The results that we presented offer insights on the response of individual ME sensors within an array configuration to different excitation mechanisms. For an array of 15 ME sensors in a homogeneous magnetic excitation field, a magnetic crosstalk effect between adjacent sensors is clearly visible in
Figure 5. The magnitude of this effect decreases with increasing distance between adjacent sensors and becomes negligible at a distance of 5 cm. In the case of inhomogeneous excitation, a strong change in the sensor response is obtained as seen in
Figure 6 due to the position-dependent magnetic field strength and direction. The sensor response, in this case, depends on the position and orientation of the array relative to the source inside the head, as well as the propagation of the electromagnetic field through the head based on the electric tissue properties and geometry of the head [
27]. In excitation fields that have large vector components in directions other than the sensitive direction of the ME sensor, differences between sensor positions may be more pronounced, as opposed to a homogeneous excitation field in a sensitive direction, which is demonstrated in this study. Another effect that has to be considered is the inverse magnetostrictive effect, which is caused by strain in the magnetostrictive layer and can lead to superimposing local fields on top of the excitation field [
34]. This effect could have a varying degree of influence on the behavior of adjacent sensors, particularly in inhomogeneous magnetic fields.
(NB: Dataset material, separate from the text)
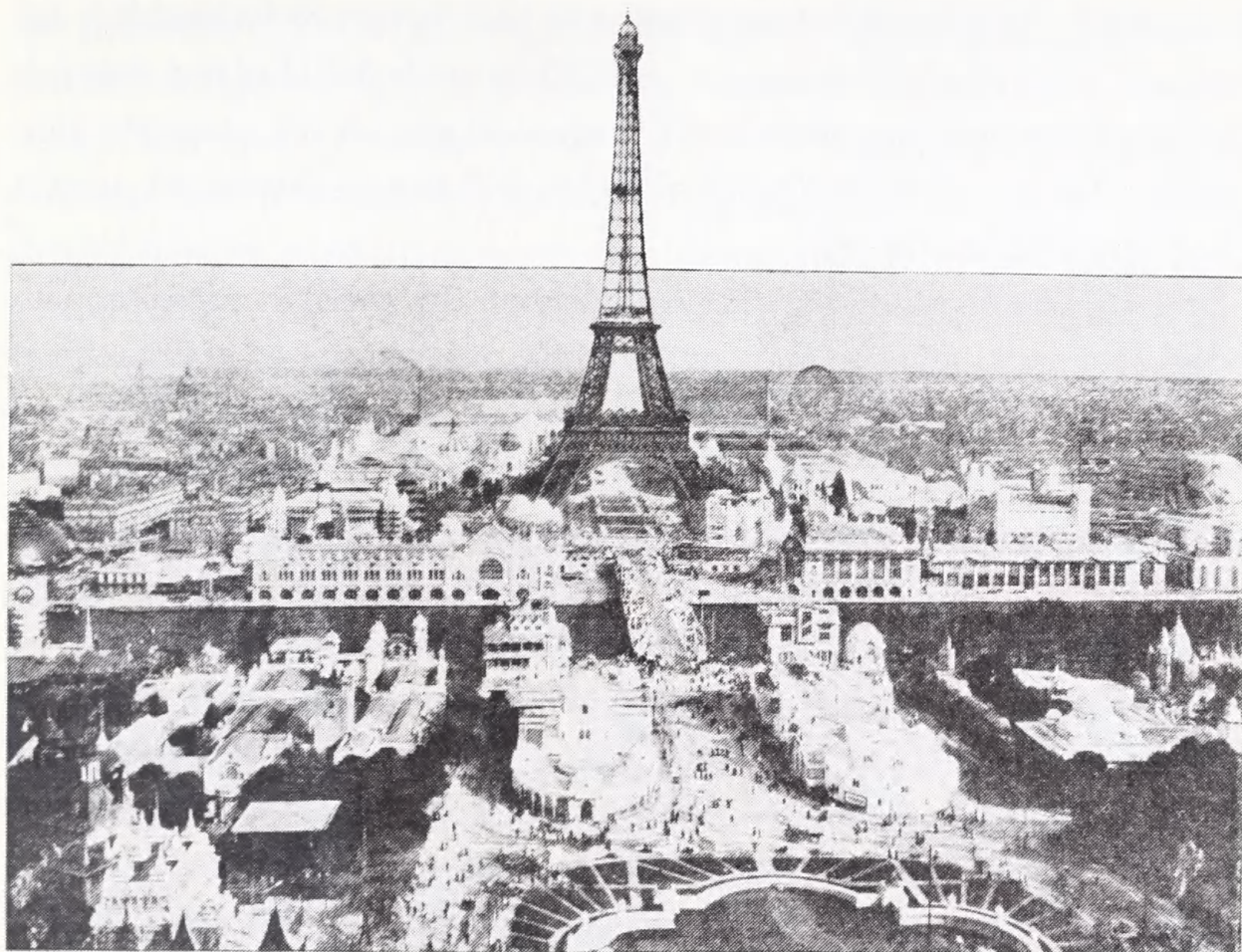
"Det moderne Fremskridts Aarhundrefest" - Verdensudstillingen i Paris 1900. Fra katalogen L'Exposition du Siècle, 1900.

stadigvæk den industrielle revolution i England, der befinder sig på heltesiden. Kort tid efter udsendelsen af bogen skifter Johs. V. Jensen sit ideal til at være USA. Besyngelsen af USA lå latent i Den gotiske Renaissance, men udfoldes først sidenhen i forfatterskabet bl.a. i romanerne Madame d'Ora (1904) og Hjulet (1905), hvor handlingen udspiller sig i henholdsvis New York og Chicago. 5

To investigate whether the linear relation between the excitation magnetic field and the electric sensor response is maintained, we calculated the ratio of these quantities for each individual ME sensor in both excitation setups and four different distances between adjacent sensors inside of the array. We demonstrated that even with large differences up to factors of two orders of magnitude in the magnetic and electric sensor responses between sensors in various combinations of array geometry and magnetic field sources, the ratio between the electric potential and magnetic flux density inside the sensors was near-constant in homogeneous (16.0–16.6) and inhomogeneous (17.4–19.7) excitation. This result is shown in
Figure 7 and confirms that the behavior of each ME sensor was linear as expected for the linear model, even though a highly position-dependent field concentration is demonstrated. Therefore, for the linear approximation, a separation of the excitation source and sensor model in both homogeneous and inhomogeneous excitation configurations is possible. In the next step, the FEM model can be extended to investigate nonlinear effects due to nonlinear material properties as well as effects due to nonlinear secondary currents induced inside the head.
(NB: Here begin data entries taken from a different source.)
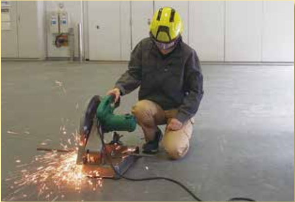
自由研削用といし特別教育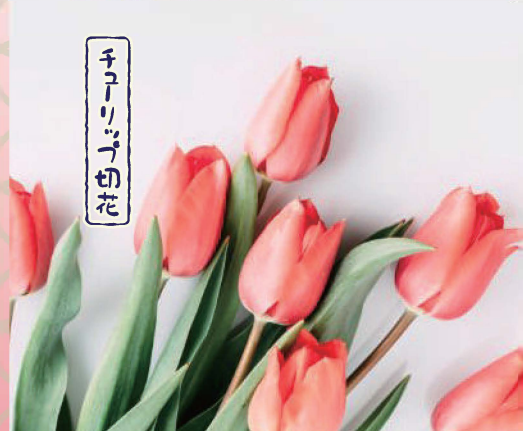
チューリップ切花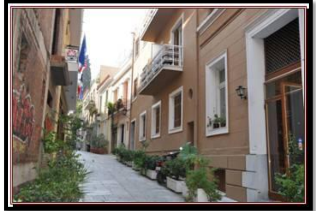
Quartier résidentiel - Athènes

In summary, this work contains insights into the response of ME sensors within different array configurations for homogeneous and inhomogeneous dipole magnetic field excitation for the small-signal linearized case. The sensor response strongly depends on the excitation vector field and confirms the influence of magnetic crosstalk between sensors. Further research may include additional simulations with different array configurations in inhomogeneous fields to evaluate the near-constant sensitivity of the sensors. Additionally, results could be compared between separately evaluated source and sensor simulations and the sensor response in combined models such as the one presented in this work. Future excitation models could also evolve the head geometry demonstrated in this work to contain more tissue regions in higher resolution, as well as different biological or artificial excitation sources such as implanted DBS electrodes, giving rise to potential localization and orientation investigations with patient- or application-specific head and ME sensor models.